Charles Swann Roberts (February 3, 1930 – August 20, 2010, Baltimore, Maryland) was an American wargame designer, railroad historian, and businessman. He is renowned as "The Father of Board Wargaming", having created the first commercially successful modern wargame in 1952 (Tactics), the first wargaming company in 1954 (Avalon Hill), and designed the first board wargame based upon an actual historical battle (Gettysburg).
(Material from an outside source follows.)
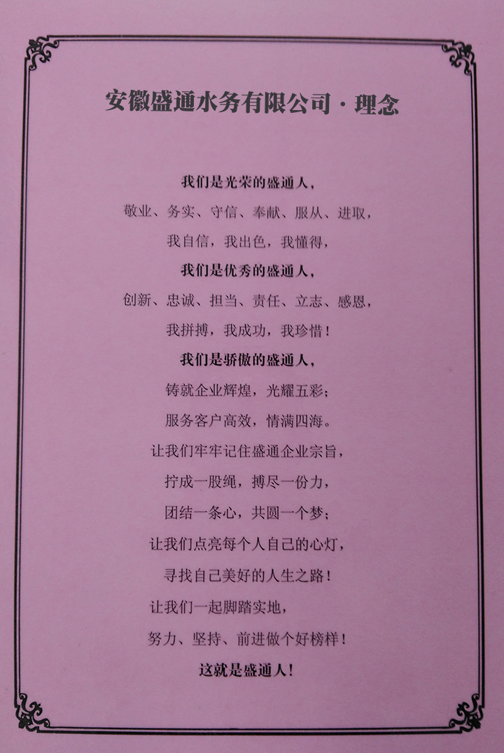 把服務(wù)當(dāng)成事業(yè)來(lái)做;把管理當(dāng)學(xué)問(wèn)來(lái)看;把問(wèn)題當(dāng)機(jī)遇來(lái)對(duì);讓民生供水成為“永恒的事業(yè)

He is also the author of a series of books on railroad history, published by the small publishing firm, Barnard, Roberts, and Company, Inc.

==As a wargame designer==
In 1952, Charles S. Roberts began working on the first mass market board wargame, Tactics, from his house in the Avalon neighborhood of Catonsville, Maryland. It was a revolutionary design in many ways that Roberts recalled confounded new players more accustomed to rules like chess and checkers.
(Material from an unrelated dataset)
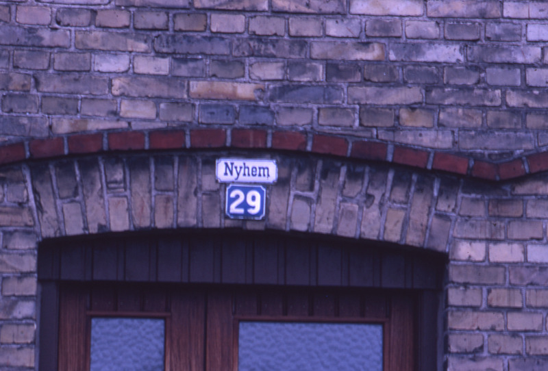 Lund. Hälsobrunnen 16. Namnskylt över dörr, "Nyhem".

In 1954, he began selling it via mail-order as The Avalon Game Company. In 1958, Roberts formed gaming company Avalon Hill to publish the next incarnation, Tactics II (1958). Tactics II improved on the basic game design of his earlier effort, and formed the genesis for the concept of the combat results table. In 1958 he published Gettysburg, considered to be the first board wargame based upon an actual historical battle, with subsequent versions in 1961 and 1964.

In December 1963, Roberts turned over Avalon Hill to one of his creditors, Eric Dott of Monarch Services, after being hard hit by a recession. Tom Shaw, a longtime friend of Roberts and the last holdover from the original company, ran the company during Avalon Hill's successful 1963-1982 period. After six years in Roberts’ home, the company moved to a dedicated building in the Parkville neighborhood of Baltimore.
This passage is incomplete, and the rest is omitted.